From the material below, please set down exactly the lines starting with the one with "You will love" and going on through the one with "Badkamer voorzien van", without a single picture.
:: DATASET RECORDS
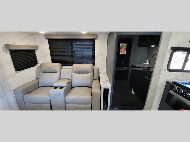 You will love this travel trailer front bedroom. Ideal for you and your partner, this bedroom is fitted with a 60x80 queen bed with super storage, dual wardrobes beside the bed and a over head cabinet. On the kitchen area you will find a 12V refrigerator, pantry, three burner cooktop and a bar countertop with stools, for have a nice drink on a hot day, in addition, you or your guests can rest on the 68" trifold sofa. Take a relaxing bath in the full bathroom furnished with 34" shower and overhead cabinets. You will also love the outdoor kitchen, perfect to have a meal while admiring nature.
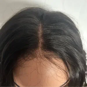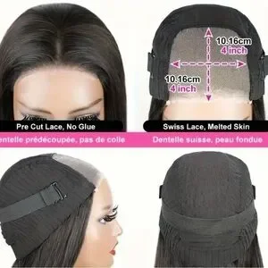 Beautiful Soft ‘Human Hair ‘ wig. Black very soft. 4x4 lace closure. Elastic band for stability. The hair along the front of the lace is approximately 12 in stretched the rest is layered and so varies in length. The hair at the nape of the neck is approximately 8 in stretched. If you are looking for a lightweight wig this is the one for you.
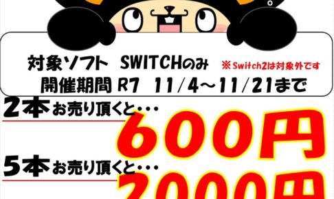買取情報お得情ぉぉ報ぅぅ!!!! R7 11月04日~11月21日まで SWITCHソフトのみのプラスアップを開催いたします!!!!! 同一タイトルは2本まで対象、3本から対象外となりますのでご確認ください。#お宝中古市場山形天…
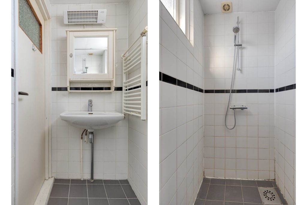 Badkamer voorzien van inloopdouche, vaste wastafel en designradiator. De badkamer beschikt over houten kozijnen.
::::
:: DATASET RECORDS
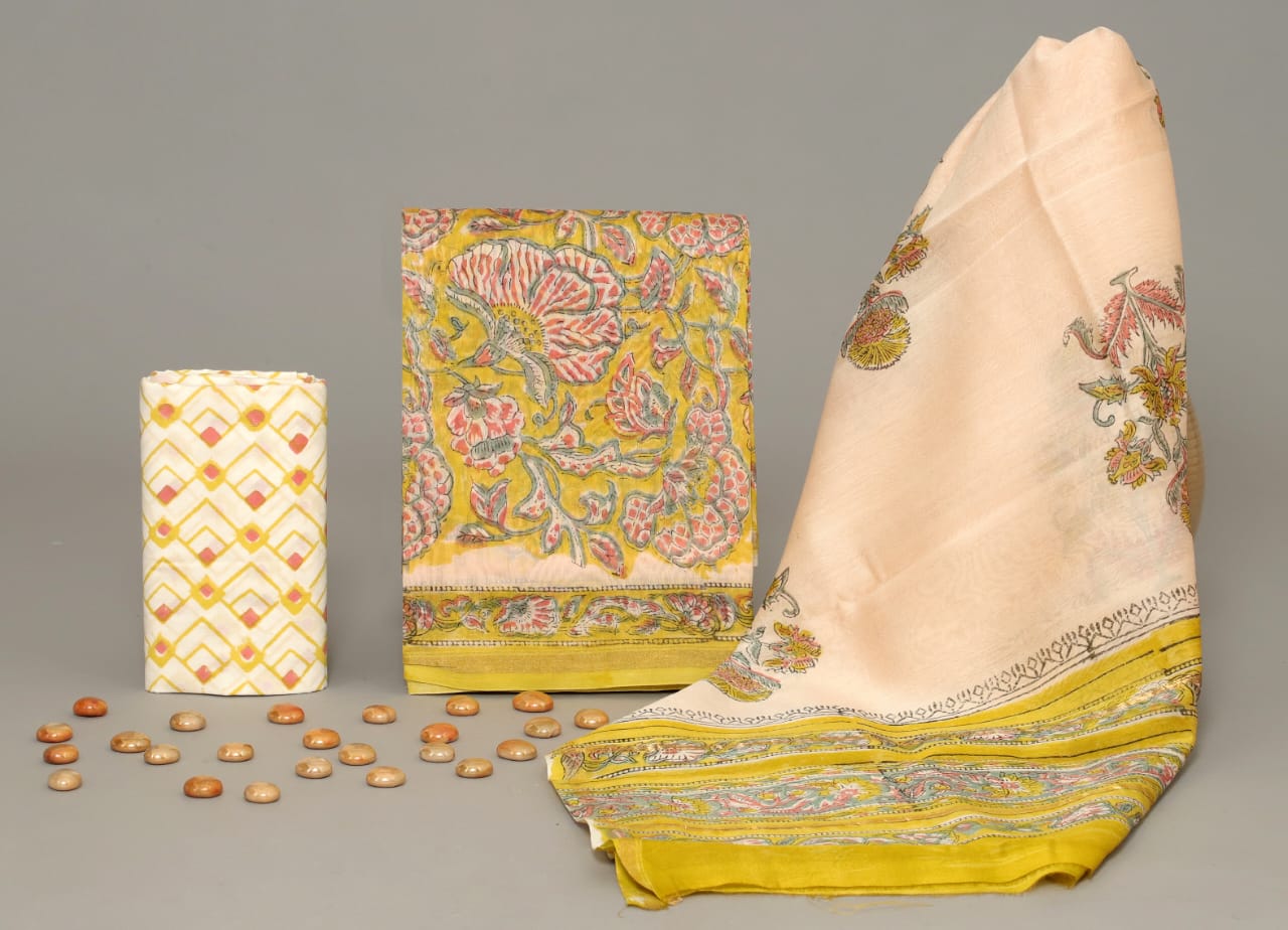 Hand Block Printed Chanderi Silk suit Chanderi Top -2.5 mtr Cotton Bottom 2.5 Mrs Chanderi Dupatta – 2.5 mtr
::::
:: DATASET RECORDS
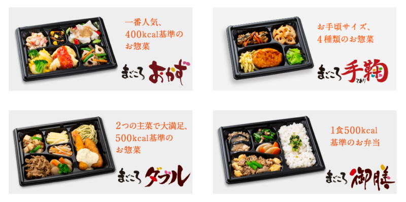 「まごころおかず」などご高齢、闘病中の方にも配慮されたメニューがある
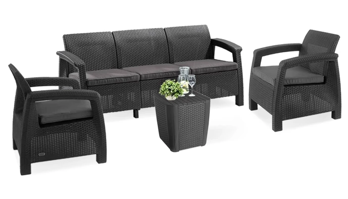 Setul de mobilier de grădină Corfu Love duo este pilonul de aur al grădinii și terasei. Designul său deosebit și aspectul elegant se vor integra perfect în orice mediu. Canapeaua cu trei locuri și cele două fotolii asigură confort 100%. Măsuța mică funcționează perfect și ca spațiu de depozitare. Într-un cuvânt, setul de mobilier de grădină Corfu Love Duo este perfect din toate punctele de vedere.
::::
* **EXERCISE ANSWER**:
 You will love this travel trailer front bedroom. Ideal for you and your partner, this bedroom is fitted with a 60x80 queen bed with super storage, dual wardrobes beside the bed and a over head cabinet. On the kitchen area you will find a 12V refrigerator, pantry, three burner cooktop and a bar countertop with stools, for have a nice drink on a hot day, in addition, you or your guests can rest on the 68" trifold sofa. Take a relaxing bath in the full bathroom furnished with 34" shower and overhead cabinets. You will also love the outdoor kitchen, perfect to have a meal while admiring nature.
 Beautiful Soft ‘Human Hair ‘ wig. Black very soft. 4x4 lace closure. Elastic band for stability. The hair along the front of the lace is approximately 12 in stretched the rest is layered and so varies in length. The hair at the nape of the neck is approximately 8 in stretched. If you are looking for a lightweight wig this is the one for you.
買取情報お得情ぉぉ報ぅぅ!!!! R7 11月04日~11月21日まで SWITCHソフトのみのプラスアップを開催いたします!!!!! 同一タイトルは2本まで対象、3本から対象外となりますのでご確認ください。#お宝中古市場山形天…
 Badkamer voorzien van inloopdouche, vaste wastafel en designradiator. De badkamer beschikt over houten kozijnen.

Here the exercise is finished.